On 8/26/2018 12:00 AM, Wei wrote:
I have a question about the deployment configuration in solr cloud. When
we need to increase the number of shards in solr cloud, there are two
options:
1. Run multiple solr instances per host, each with a different port and
hosting a single core for one shard.
2. Run one solr instance per host, and have multiple cores(shards) in the
same solr instance.
Which would be better performance wise? For the first option I think JVM
size for each solr instance can be smaller, but deployment is more
complicated? Are there any differences for cpu utilization?

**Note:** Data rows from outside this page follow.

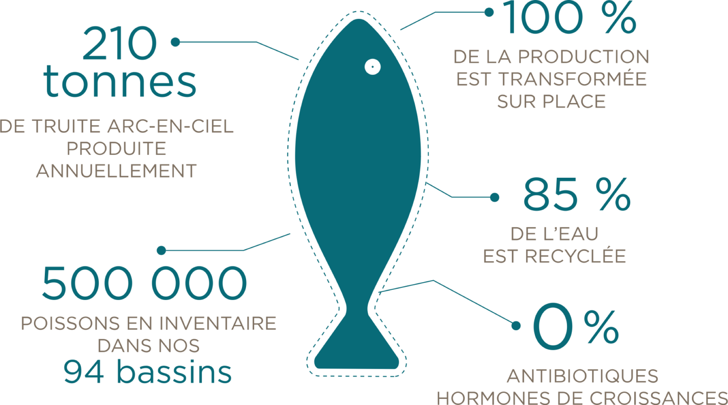 Nous sommes le plus grand producteur de truites arc-en-ciel au Québec. La ferme, produit annuellement 210 tonnes de truites dans ses 94 bassins. Nous représentons 10 % de la truite vendue dans la province. Notre entreprise va très bien mais malheureusement, la grande majorité des truites vendues au Québec ne sont pas des produits locaux. Plusieurs produits proviennent des pays comme le Pérou et le Chili ; produits qui ne sont pas soumis aux mêmes règles environnementales.
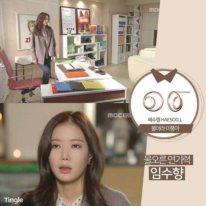 매니시한 재킷안에 쉬폰 소재의 패턴 블라우스 + 스키니 진을 코디한 임수향은 나선형 골드 이어링을 착용하여 한층 더 여성스러운 느낌의 오피스룩을 연출해 주었어요. 자켓과 스키니진은 편안한 캐주얼 룩을 살리면서도 오피스 룩으로도 적합한 아이템인데요. 활동성을 고려한다면 이 코디를 추천합니다!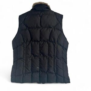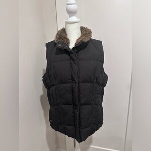 Eddie Bauer goose down black puffer vest with faux fur collar size large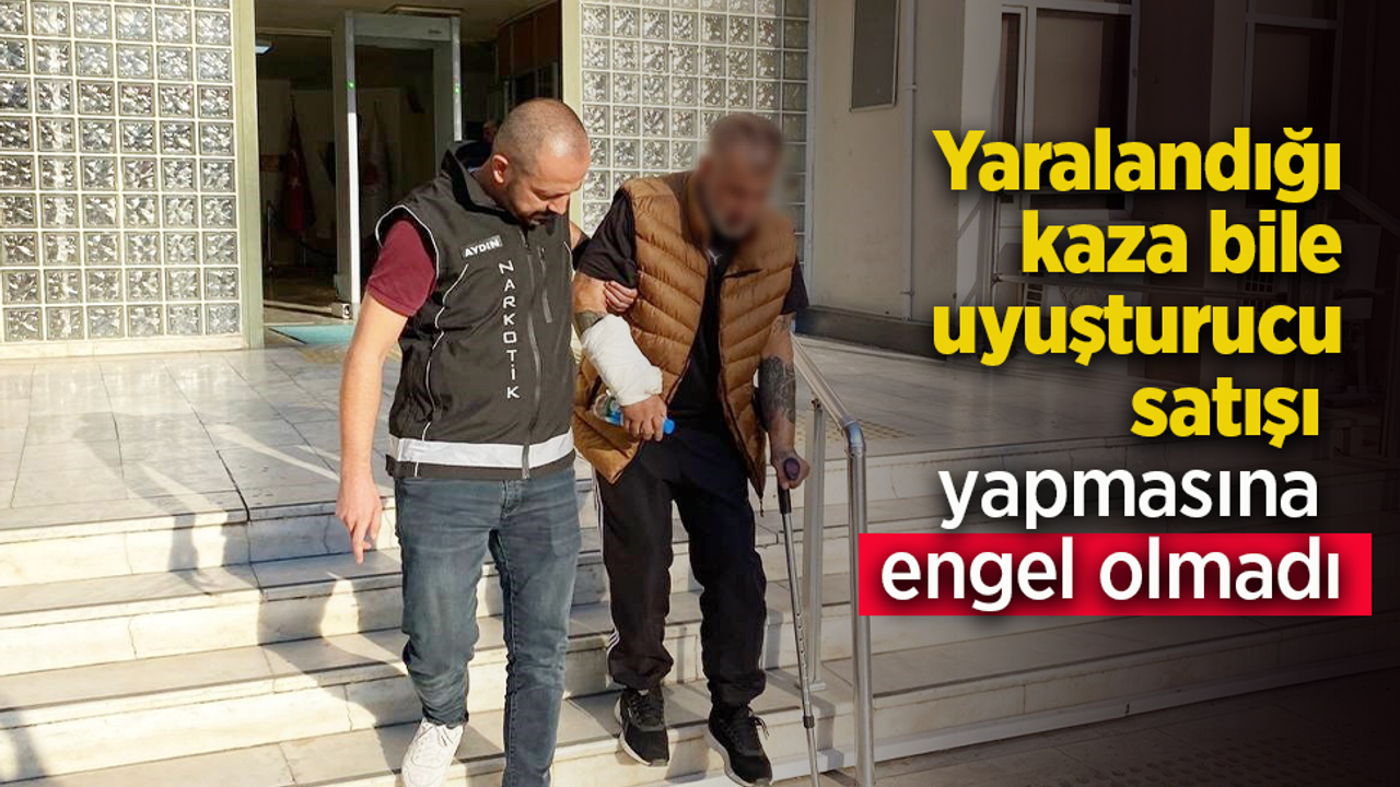 Aydın'ın Efeler ilçesinde gözaltına alınan 2 şüpheli sevk edildikleri adli makamlarca uyuşturucu madde ticareti yapmak suçundan tutuklanarak cezaevine gönderilirken, trafik kazası geçirdiği öğrenilen şüphelilerden biri koltuk değneği ile cezaevine gitti.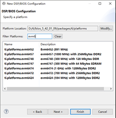 你好,添加DSP/BIOS配置当前工程时,选择项没有对应的器件型号平台(6678)。但是创建SYS /BIOS项目时,却可以检索到ti.platforms.wvm6678.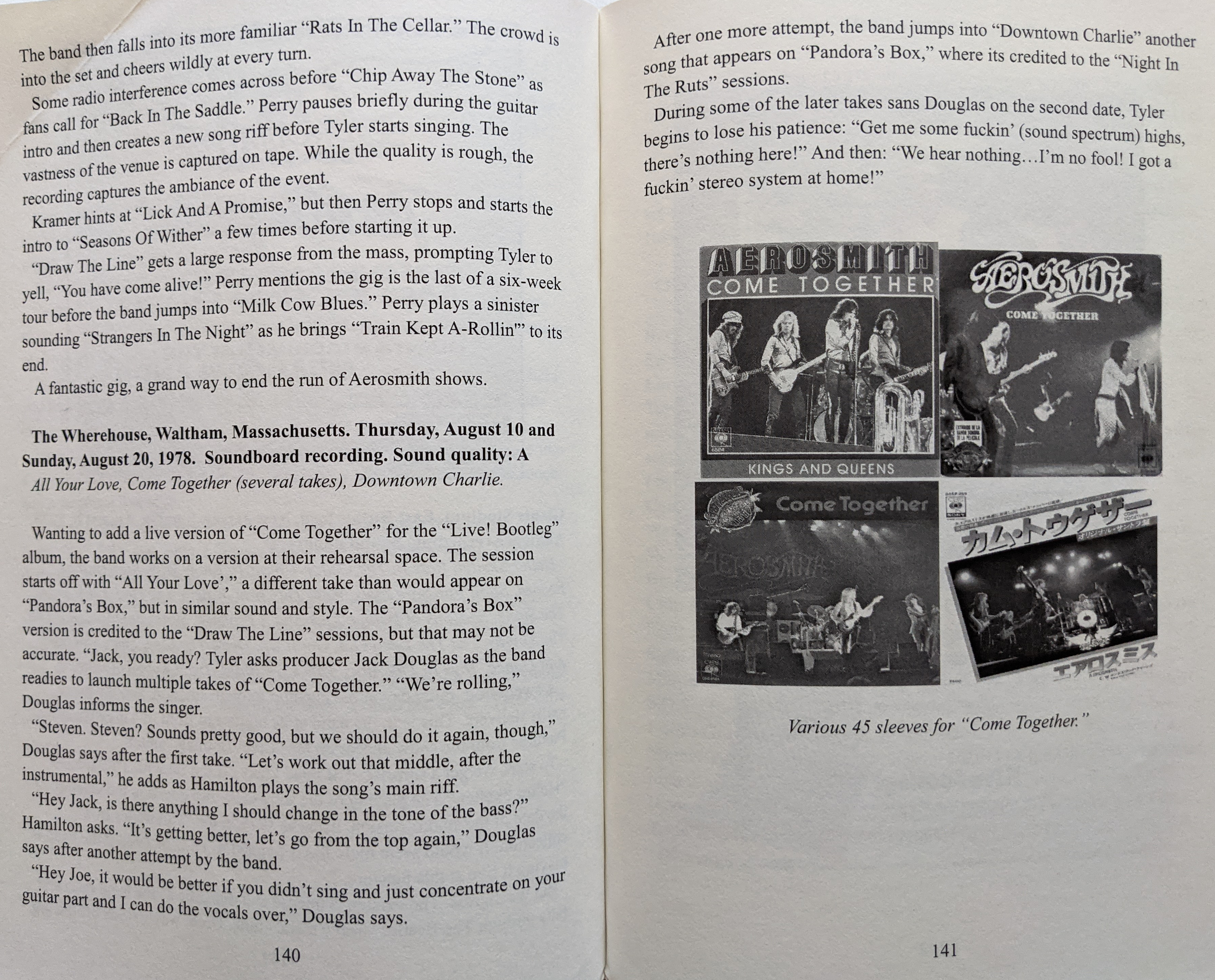 Wanting to add a live version of “Come Together” for the “Live! Bootleg” album, the band works on a version at their rehearsal space. The session starts off with “All your Love’”, a different take than would appear on “Pandoras Box”, but in similar sound and styler. The “Pandoras Box” version is credited to the “Draw the Line” sessions, but that many not the accurate. “Jack, you ready? Tyler asks producer Jack Douglas as the band readies to launch multiple takes of “Come Together”. “We’re rolling”, Douglas informs the singer.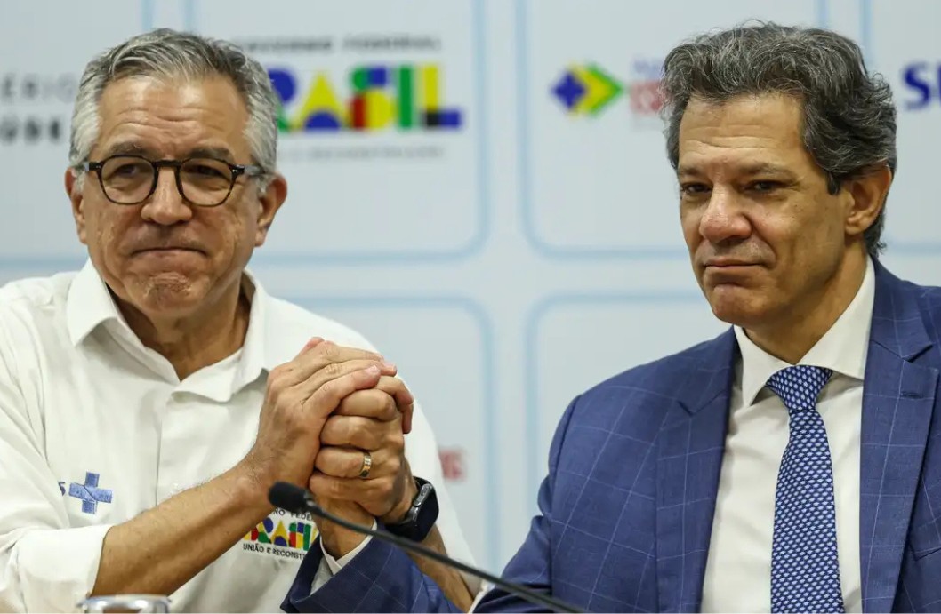 Os ministros da Saúde, Alexandre Padilha, e da Fazenda, Fernando Haddad, durante cerimônia de assinatura de acordo de cooperação técnica sobre jogos e apostas.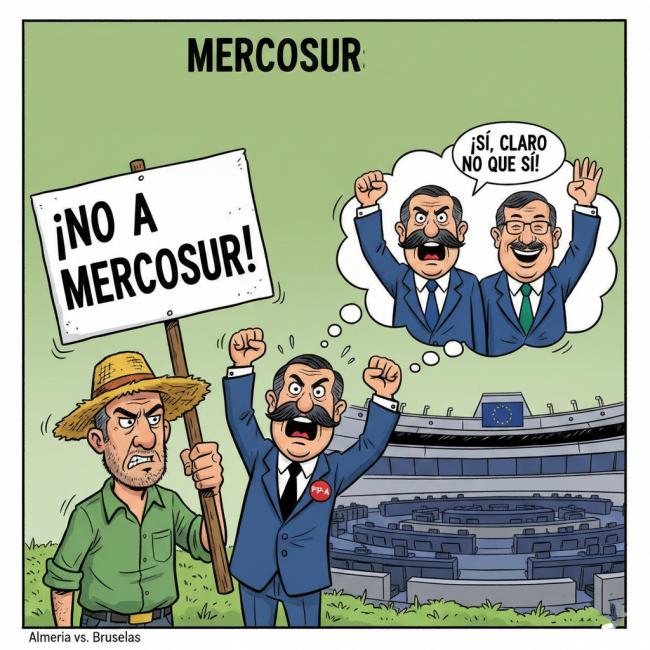 El Gobierno de España, bajo el mando del PSOE, ha optado por la técnica del avestruz. Se mantienen de perfil, votan a favor en Europa y callan en casa, esperando que el chaparrón pase sin que nadie les pregunte por qué consideran "estratégico" un acuerdo que amenaza con convertir la soberanía alimentaria en un recuerdo romántico. Mientras tanto, la extrema derecha y la extrema izquierda coinciden —caprichos de la herradura política— en un rechazo frontal, por razones iguales y diferentes. Entre ambas posturas, las de los sies y las de los noes, hay una distancia marcada por el hecho de unos tienen responsabilidades de gobierno o aspiran a tenerlas, y los otros no las tienen y pueden prometer lo que les de la gana.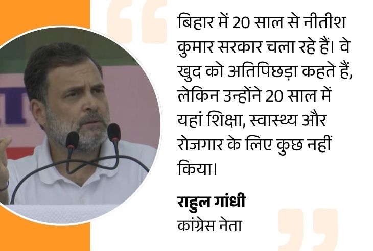 राहुल ने PM मोदी और नीतीश कुमार पर जमकर निशाना साधा। उन्होंने कहा, ‘मोदी जी वोट के लिए कोई भी नाटक कर सकते हैं। उन्हें बस आपका वोट चाहिए। अगर आप मोदी जी को नाचने के लिए कहेंगे, तो वह नाचेंगे भी।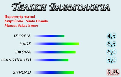 Ο μόνος λόγος που η βαθμολογία μου δεν είναι χειρότερη είναι επειδή η βασική ιδέα ήταν αρκετά πρωτότυπη. Επίσης, μετά το επεισόδιο 19 γίνεται μεγάλη αλλαγή στο στυλ της ιστορίας, αλλά και στο στυλ του πρωταγωνιστή όπου παύει να είναι τόσο πολύ κλαψιάρης και η ιστορία θυμίζει πολύ περισσότερο πόλεμο, αυτό που περίμενα να δω δηλαδή, και άρχισε να με ικανοποιεί ιδιαίτερα. Παρόλα αυτά, τα ενοχλητικά στοιχεία υπήρχαν ακόμα και μετά από το επεισόδιο 19, αλλά τουλάχιστον η ιστορία κλείνει αρκετά ευχάριστα και απαντάει σε όλα τα ερωτήματα που μπορεί να έχει ο θεατής κατά τη διάρκεια του anime (και, πιστέψτε με, είναι πολλά).

My general advice is to only have one Solr instance per machine. One
Solr instance can handle many indexes, and usually will do so with less
overhead than two or more instances.
I can think of *ONE* exception to this -- when a single Solr instance
would require a heap that's extremely large. Splitting that into two or
more instances MIGHT greatly reduce garbage collection pauses. But
there's a caveat to the caveat -- in my strong opinion, if your Solr
instance is so big that it requires a huge heap and you're considering
splitting into multiple Solr instances on one machine, you very likely
need to run each of those instances on *separate* machines, so that each
one can have access to all the resources of the machine it's running on.
For SolrCloud, when you're running multiple instances per machine, Solr
will consider those to be completely separate instances, and you may end
up with all of the replicas for a shard on a single machine, which is a
problem for high availability.
Thanks,
Shawn